Background and importance Ceftolozane–tazobactam (CT) intravenous infusion using portable elastomeric infusion pumps (EIP) is useful, especially in patients infected with resistant bacteria.
Aim and objectives The aim of the study was to describe CT infusion using EIP (CT-EIP) and analyse the healthcare costs avoided versus hospital admission.
Material and methods This retrospective study included all patients treated with CT-EIP. The study period was January 2017 to October 2019. Recorded data were clinical data obtained from patient electronic medical records. For the economic evaluation we considered costs of the EIP, nurse working time needed for preparation and cost of the hospital at home care unit (HHU). The cost of the medication was not included as it was the same whether the patient was in hospital or at home. Physician and pharmacist working time was not analysed as it was considered that hospital admission and management by the HHU were equivalent.
For the calculation of hospital admission costs, the regional normative was considered: a day at the HHU costs €80.70, and the cost per hospital admission day is €528.95. Nursing work needed for preparation of the EIP costs €15.81/hour (a nurse prepares an average of 10 EIP/hour).
Baxter Healthcare Corporation manufactured the EIP used: 24 hour duration devices (240 mL/24 hours, flow rate 10 mL/hour) for continuous perfusion or 30 min duration devices (100 mL/30 min, flow rate 200 mL/hour) for intermittent perfusions.
The unit cost of EIP was €25.63 for the 240 mL/24 hour devices (needed 1/day) and €15.40 for the 100 mL/30 min one (needed 3/day).

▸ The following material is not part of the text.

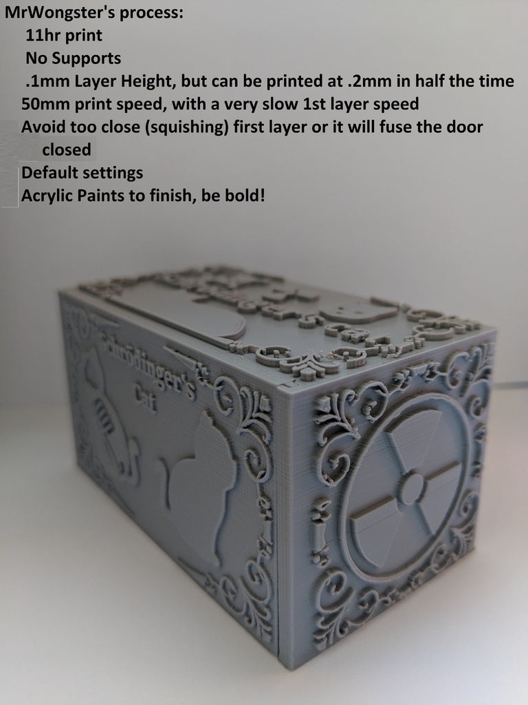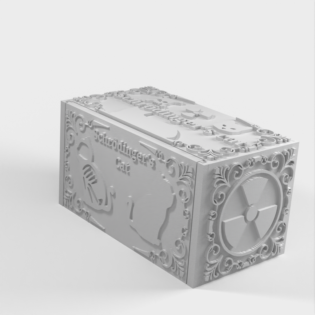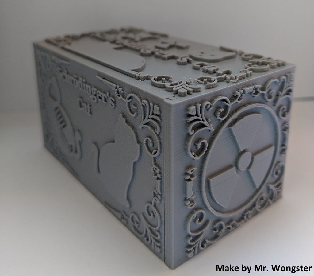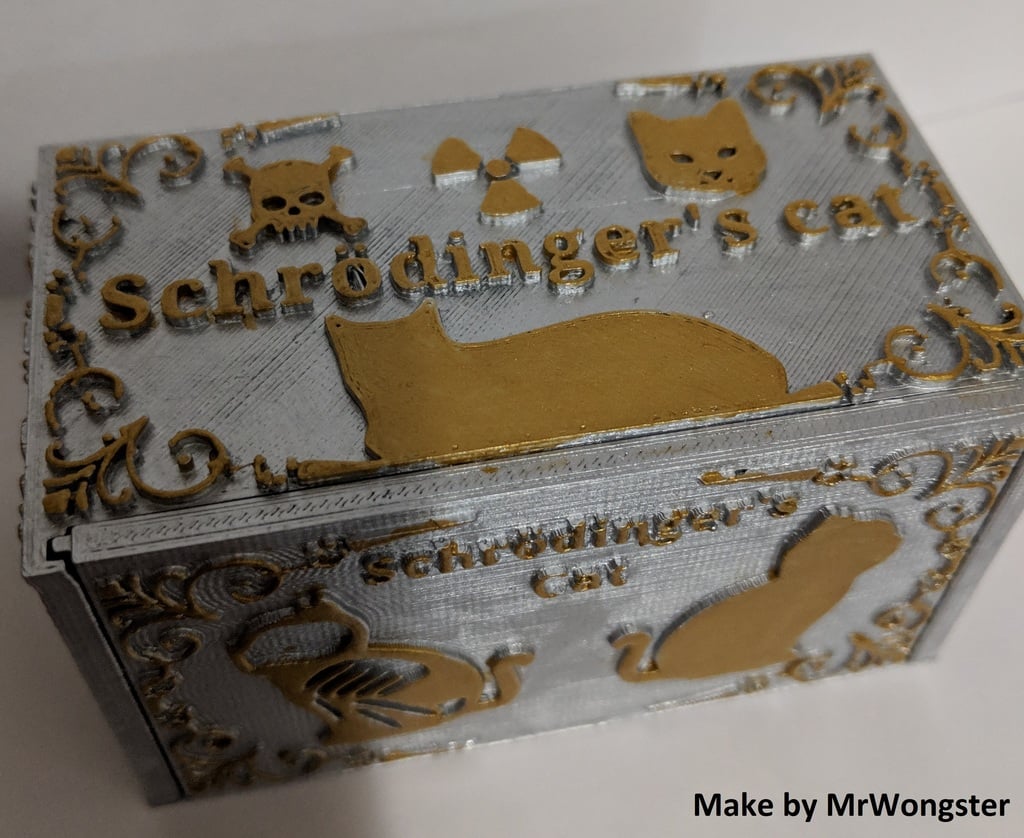 Schrödinger's Cat to model do druku 3D, który ilustruje eksperyment myślowy Erwina Schrödingera. Po pobraniu niezbędnych plików można wybrać losowy plik STL zawierający żywego lub martwego kota. Niezależnie od tego, czy wybierzesz jeden, czy drugi, zorientujesz się, który model wybrałeś, dopiero po zakończeniu drukowania i otwarciu pudełka. Ten produkt służy jako początek rozmowy, ilustracja fizyki kwantowej i zabawna dekoracja pulpitu dla wszystkich entuzjastów fizyki.

Average cost per day of treatment with CT-EIP were €35.91 (range €25.63–46.20/day).
Results A total of 220 CT-EIP were prepared for 10 patients (5 men, 5 women; mean age 58.1 years (range 19–90 years) with hospital acquired pneumonia (6), off-label situations (2), severe abdominal infection (1) and severe urinary infection (1). Microorganisms isolated were Pseudomonas aeruginosa (10/10 patients); Staphylococcus aureus (2/10); and Escherichia coli (1/10). Eight of 10 patients were treated with concomitant antibiotic. Treatment took an average of 13 days (range 7–29) per patient with CT-EIP.

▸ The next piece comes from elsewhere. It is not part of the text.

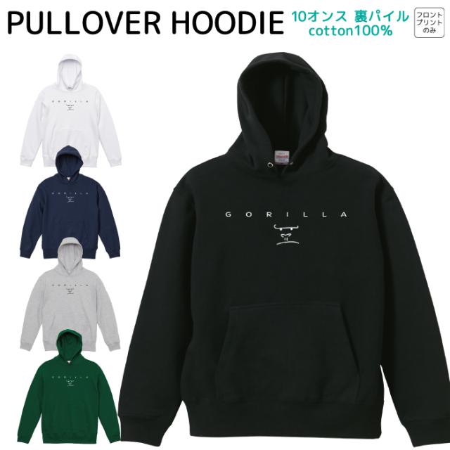パーカー メンズ レディース ゴリラ gorilla 顔 動物 長袖 コットン100% 綿100% S M L XL 10オンス トレーナー スウェット フード付き zakka045-0028

Seven of 10 patients were managed by HHU and the rest had ambulatory care after hospital discharge. Successful progression occurred in five patients. Five patients died due to other severe pathologies (cancer, cystic fibrosis, acute rejection, etc).
The avoided estimated cost was €55 856.26.
Conclusion and relevance CT-EIP was a cost effective alternative, which enabled patients to stay at home, avoiding unnecessary hospital admission and improving their quality of life.
References and/or acknowledgements No conflict of interest.